William Peter Blatty's screenplay, based on his novel, is completely absorbing. Every character is well-rounded, interesting, flawed, and beautifully defined. And with actors such as Ellen Burstyn, Max Von Sydow, Lee J. Cob, Jason MIller, and Linda Blair; every role is brought to startling life and gorgeous humanity. William Friedkin's direction perfectly compliments their efforts, with the contrast between silence and chaos, light and dark, good and evil culminates in a film of supreme density in regards to its themes. His images are grainy, off-kilter, and alarmingly simple. It lets everything else to the talking, but because of that, the direction leaps off the screen in an unorthodox way that hasn't been seen before or since.

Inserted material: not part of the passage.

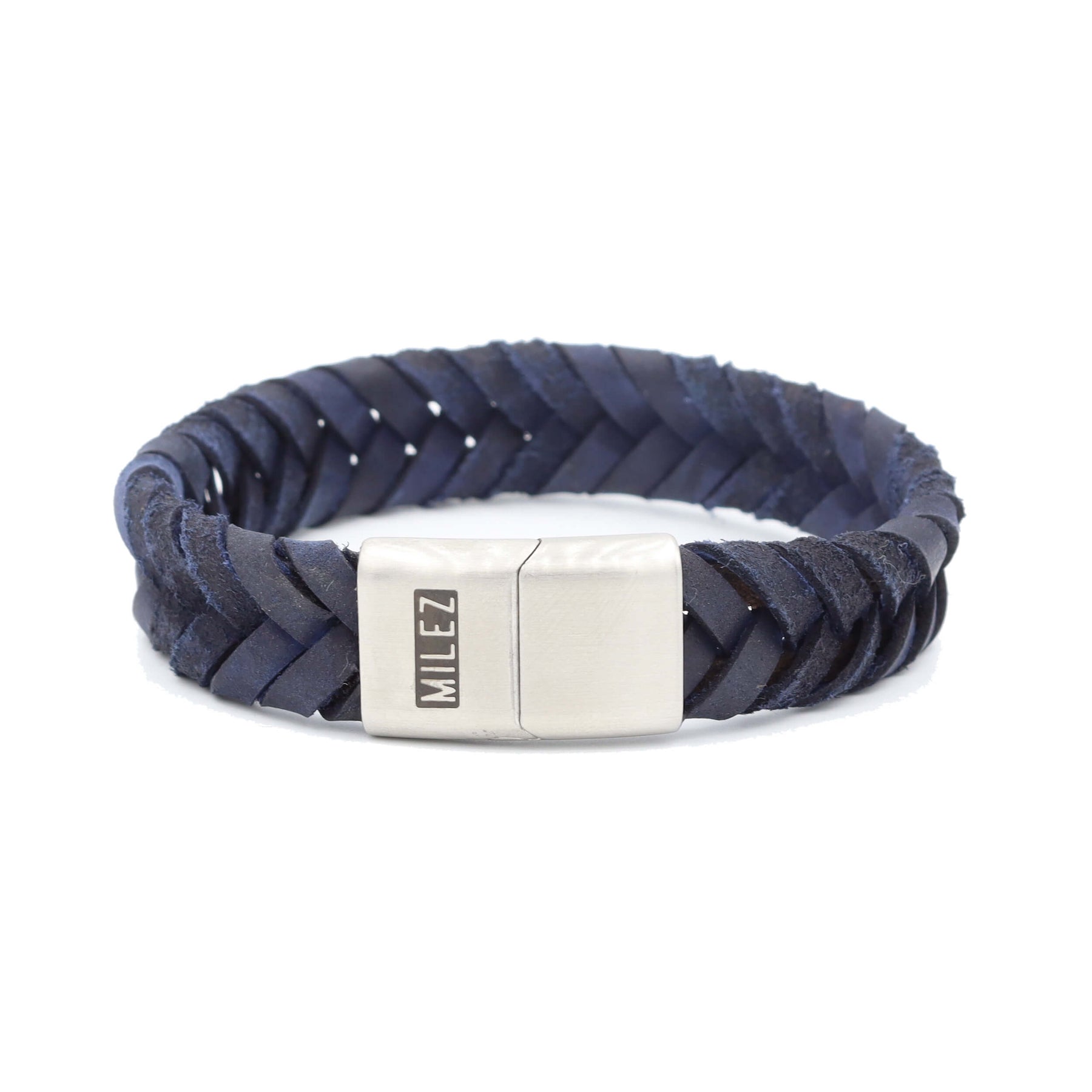 Deze 15 mm brede armband van diep donkerblauw leer is een statement van stijl en zelfvertrouwen. De brede vlecht is gemaakt van een unieke mix van glad en vintage leer, wat zorgt voor een rijke textuur en een intense uitstraling. In combinatie met de zilverkleurige RVS-sluiting straalt deze armband kracht, klasse en karakter uit.

The aural/visual components are simply stupendous, with Owen Roizman's cinematography reaching into the darkness and pulling out images that will stay in your head for weeks. The aural elements are exotic, feverish, alive, and blood-curdling, and the sound deserves a high-quality surround system. The sounds float in the air, never leaving as they fade into the silence until its their turn to pounce again.

And of course, it needs to mentioned that The Exorcist is scary. Really scary. Like "HOLY FUCKING SHIT I'M NEVER GOING TO MAKE IT THROUGH THIS" scary. I like to mention this last because in spite of this, I feel that Friedkin's film should be celebrated, not hidden in the corner of the video store. It's horrifying to be sure, but within, there's a story as powerful and poignant as any. It'll resonant, It'll scare, and It'll make you think. Undoubtedly the greatest horror film ever made, and in my eyes, one of the 30 greatest accomplishments in cinematic history.